— Ты что, не признаешь того, что об этом говорит наука? — Он произнес слово «наука» настолько вальяжно, будто давая понять, что наука и он сам совершенно неотделимы и от того мои ухмылки были явно неместными.
— Наука изучает кометы, которые не видно без телескопа и совершенно не интересуется радугой, которую видят все, — ляпнул я, первое, что пришло в голову.
Более весомо в дискуссии прозвучал Лидин прагматизм. Она предложила Группенфюреру разогреть пиццу по его теории. Тут Группенфюрера как подменили. Из надменного, самовлюблённого гуру-самозванца, он вдруг превратился в простого, весёлого, инициативного парня, который быстро разжег костёр и организовал поход за пиццей. Но когда принесли пару коробок с замороженным флорентийским полуфабрикатом, он опять начал излагать теорию излучений, с показной грациозностью в духе сценического фехтования, размахивая головешкой. Пицца получилась основательно присыпанной пеплом, пикантно пахнувшая дымом, чуть зачерненная копотью, но противно холодная. Я не смог проглотить ни кусочка.
На дым костра пришёл главный враг тишины в Сокольниках и их окрестностях по прозвищу Гитараст. Он пел песни собственного сочинения. Лиде казалось, что он пел излишне громко, мне — излишне долго. Поэтому мы с Лидой оставили сидевших у костра пиццеедов и, побродив по лесу, сели в кустах. Мы много разговаривали, но разговор был какой-то пустой, не касавшийся чего-то главного. Может быть оттого, что я не смог сосредоточится из-за преследовавшего меня по всем Сокольникам запаха дыма, воскресавшего привкус холодной пиццы. А может быть оттого, что я не мог внимательно слушать свою собеседницу из-за доносившихся обрывков песен Гитараста.
Начался дождь. Я проводил Лиду до подъезда, а сам собирался, воспользовавшись непогодой, дома дописать одну маленькую повесть. Обнаружив, что, блуждая по кустам с Лидой, я выронил авторучку, пошёл к киоску Роспечати, где кроме авторучки купил свежую газету.

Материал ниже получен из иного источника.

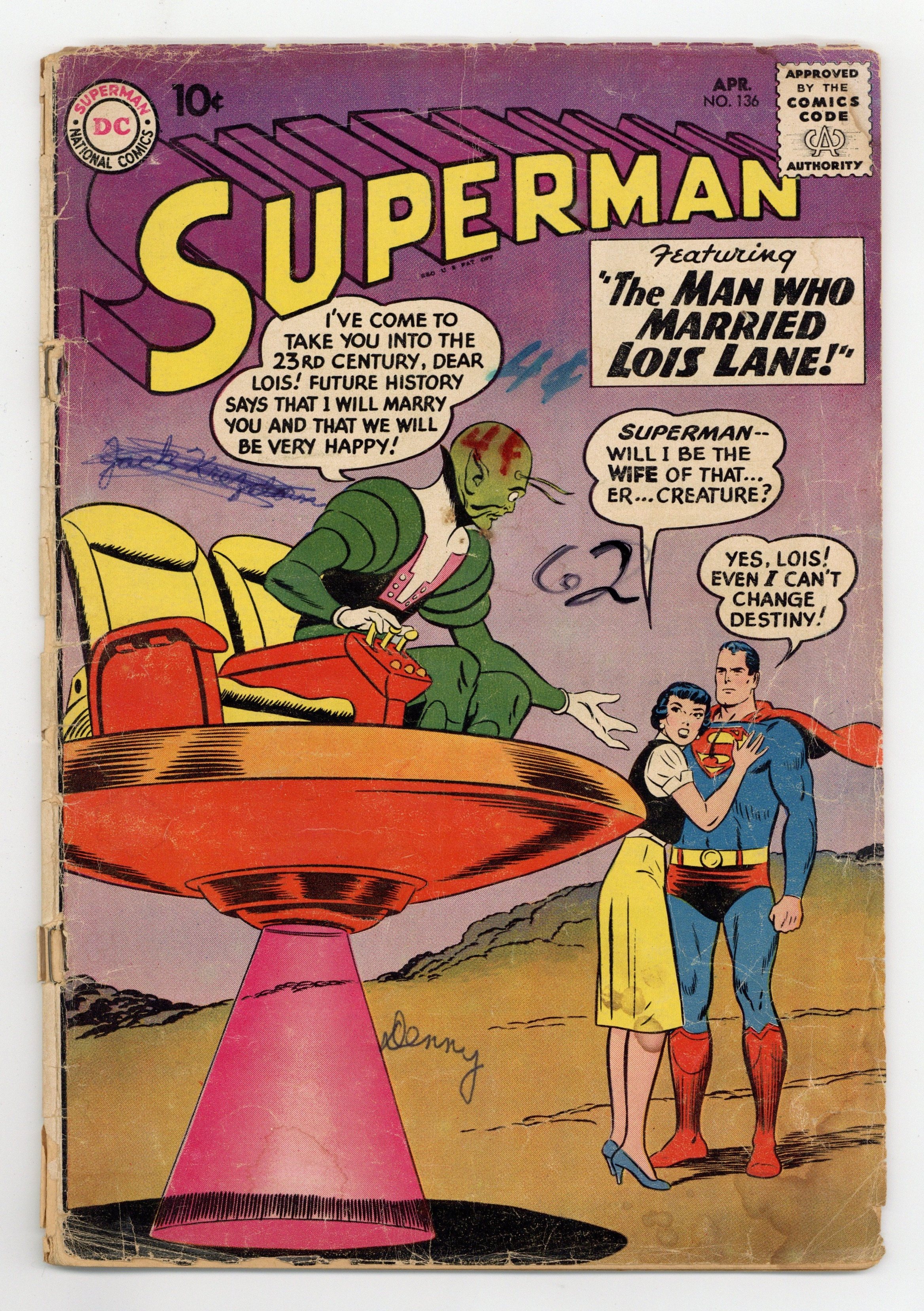 Cover pencils by Curt Swan, inks by Stan Kaye. The Man Who Married Lois Lane, script by Robert Bernstein, pencils by Wayne Boring, inks by Stan Kaye; X-Plam comes from the future to marry Lois Lane. The Secret of Kryptonite!, script by Jerry Coleman, art by Al Plastino; The story of how the world discovered the effect that Kryptonite has on Superman. The Super-Clown of Metropolis!, script by Jerry Siegel, art by Al Plastino; Sad Sam will give a billion dollars to charity to the person who can make him laugh. 36 Pages, Full Color. Cover price $0.10.

Газеты я читал чрезвычайно редко, не чаше, чем раз в году, хотя друзьям говорил, что их вообще не читаю, точнее, я говорил, что в последней прочитанной мной газете был некролог об одном генеральном секретаре, фамилию которого я не помню.
Именно к чтению газеты я и приступил, придя домой. О чём была первая прочитанная статья, я точно не запомнил, то ли об инфляции, то ли о каких-то других экономических проблемах. А вот вторая статья произвела на меня яркое впечатление. Прокуратура раскрыла серию афер с алмазами, торговцы которыми подменяли крошку, которая стоила два доллара за карат на крупку, карат которой стоил сто долларов. Повесть, которую я писал, также была посвящена махинациями с алмазами. Неужели всё, что я пишу, обязательно сбывается?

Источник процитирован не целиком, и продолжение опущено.